Every Monday I post Real Life Minimalists, a profile of one of my readers in their own words. If you’d like to participate, click here for details.
This week, The Budding Minimalist tells us how she overcame her shopping and collecting habits, and found the courage to purge the clutter from her life.
The Budding Minimalist writes:
I believe I inherited my “collecting” habits from my father, who loves to keep around Japanese artifacts from his childhood on his desk (in addition to the small trinkets he’s been given over the years) and has a collection of baseball bats, baseballs, and photos (all signed) from the local sports team. When I was younger, I resented the fact that my mother always wanted to throw away my childhood memories; toys I no longer played with or cared for, old clothes, or whatever junk I fancied on keeping.
My father understood how I felt and didn’t see the harm in keeping such things around. He would even offer to squirrel things away in the attic so that my mother wouldn’t complain – out of sight, out of mind.
I began to keep old newspapers and magazines in my late teens. Luckily, that awkward phase didn’t last long. But when I got my first job, I started to collect things I believed I needed for when I moved out on my own. I had access to Asian china, décor, and other knickknacks. And I had an employee discount. When I left that job for another, it was for a major retailer in household goods. Employee discount there as well.
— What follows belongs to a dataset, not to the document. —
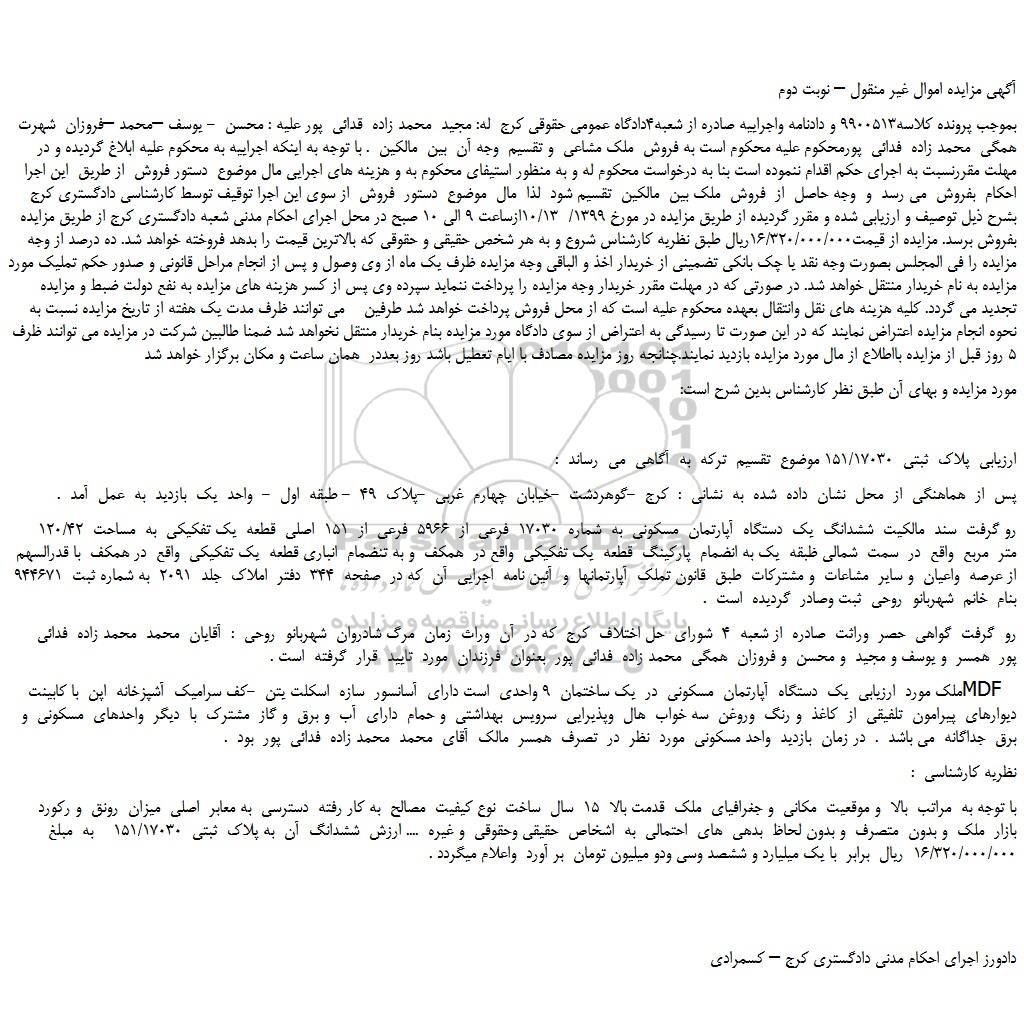 بموجب پرونده کلاسه9900513 و دادنامه واجراییه صادره از شعبه4دادگاه عمومی حقوقی کرج  له: مجید  محمد زاده  قدائی  پور علیه : محسن  - یوسف –محمد –فروزان  شهرت همگی  محمد زاده  فدائی  پورمحکوم علیه محکوم است به فروش  ملک مشاعی  و تقسیم  وجه آن  بین  مالکین  . با توجه به اینکه اجراییه به محکوم علیه ابلاغ گردیده و در مهلت مقررنسبت به اجرای حکم اقدام ننموده است بنا به درخواست محکوم له و به منظور استیفای محکوم به و هزینه های اجرایی مال موضوع  دستور فروش  از طریق  این اجرا  احکام  بفروش  می رسد  و  وجه حاصل  از  فروش  ملک بین  مالکین  تقسیم شود  لذا  مال  موضوع  دستور  فروش  از سوی این اجرا توقیف توسط کارشناسی دادگستری کرج بشرح ذیل توصیف و ارزیابی شده و مقرر گردیده از طریق مزایده در مورخ 1399/  10/13ازساعت 9 الی 10 صبح در محل اجرای احکام مدنی شعبه دادگستری کرج از طریق مزایده بفروش برسد. مزایده از قیمت16/320/000/000ریال طبق نظریه کارشناس شروع و به هر شخص حقیقی و حقوقی که بالاترین قیمت را بدهد فروخته خواهد شد. ده درصد از وجه مزایده را فی المجلس بصورت وجه نقد یا چک بانکی تضمینی از خریدار اخذ و الباقی وجه مزایده ظرف یک ماه از وی وصول و پس از انجام مراحل قانونی و صدور حکم تملیک مورد مزایده به نام خریدار منتقل خواهد شد. در صورتی که در مهلت مقرر خریدار وجه مزایده را پرداخت ننماید سپرده وی پس از کسر هزینه های مزایده به نفع دولت ضبط و مزایده تجدید می گردد. کلیه هزینه های نقل وانتقال بعهده محکوم علیه است که از محل فروش پرداخت خواهد شد طرفین    می توانند ظرف مدت یک هفته از تاریخ مزایده نسبت به نحوه انجام مزایده اعتراض نمایند که در این صورت تا رسیدگی به اعتراض از سوی دادگاه مورد مزایده بنام خریدار منتقل نخواهد شد ضمنا طالبین شرکت در مزایده می توانند ظرف 5 روز قبل از مزایده بااطلاع از مال مورد مزایده بازدید نمایند.چنانجه روز مزایده مصادف با ایام تعطیل باشد روز بعددر  همان ساعت و مکان برگزار خواهد شد

Employee discounts can be a dangerous thing for someone who shops therapeutically and wishfully.
Sometimes I’d de-clutter a bit when I cleaned. Once in a blue moon, I’d look at all my stuff and just feel unnerved and would try to be realistic about whether or not I’d ever use the item – off to donations it went. Most often, I’d keep them in the closet, ready to be taken out for when I might have use of them.
It wasn’t until I watched several episodes of Hoarders non-stop that I truly questioned my shopping habits and the reasons why I was holding onto the items. At this point I already had my impulsive shopping habits mostly under control because I was tired of being overwhelmed and crowded (plus having a sensible significant other helps), but was still holding onto so much junk because of sentimental reasons or guilt – that it would have been a waste an investment or money, or that it was a gift from a friend or family member. I also have a terrible memory, so some of these items served as reminders of days gone by.
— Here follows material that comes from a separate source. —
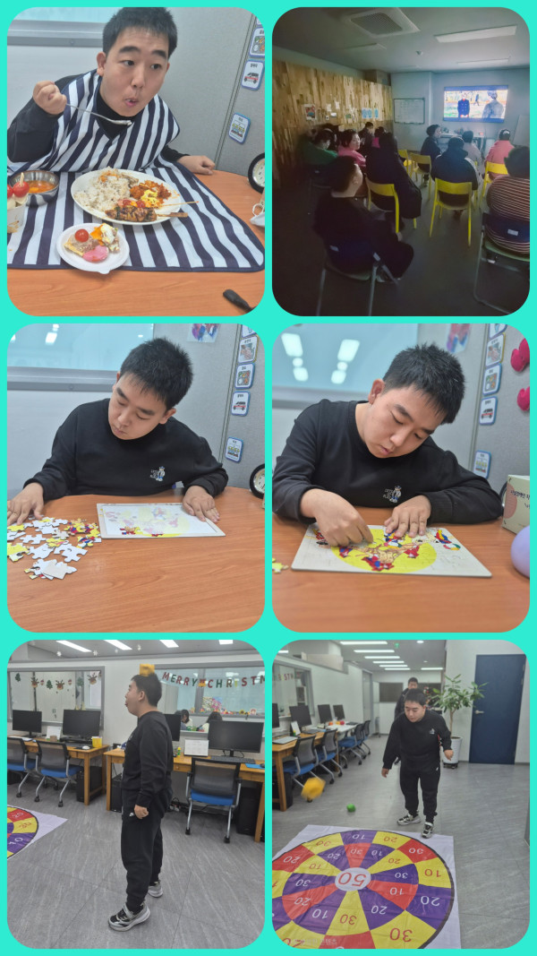 오후에는 영화도 보고 퍼즐,레크레이션도 진행하였습니다.

But all I really had was an addiction to acquiring items and an obligation to keeping up the museum of me.
I did some purging back then and no longer bought home goods or clothes on impulse, however, it wasn’t until I ran across the Miss Minimalist blog that I would really change my outlook on my consumerist life. After giving the blog a good look, I decided to check out The Joy of Less. I finished it in one sitting last Friday.
As of the time of this writing – Monday – I have purged nearly a dozen boxes of stuff. For a long time, I was afraid to get rid of old gifts or report cards from middle school. No longer! I even gave some items away to my parents, because they were unused and suitable to be gifted out for Christmas. This will save them some money; they can spend a good fortune on presents because my father buys gifts for all his co-workers. They even asked if they could keep two Sybil Shane prints, as an early Christmas gift from me to them.
I’m not done purging, yet I can already feel a lot of pressure lifted off my mind. I do not need to worry about buying certain furniture because “I’m supposed to.” I do not need to worry about keeping track of all the clutter (or cleaning said clutter.) I do not need this and that to enrich my life. I do not need to feel guilty for getting rid of items I have no use for. I do not need to live while being burdened by the past.
In an odd twist, my mother thinks I’m a little crazy for getting rid of all of this stuff. I told her I’m changing my life for the better. Thank you, Miss Minimalist, for freeing me.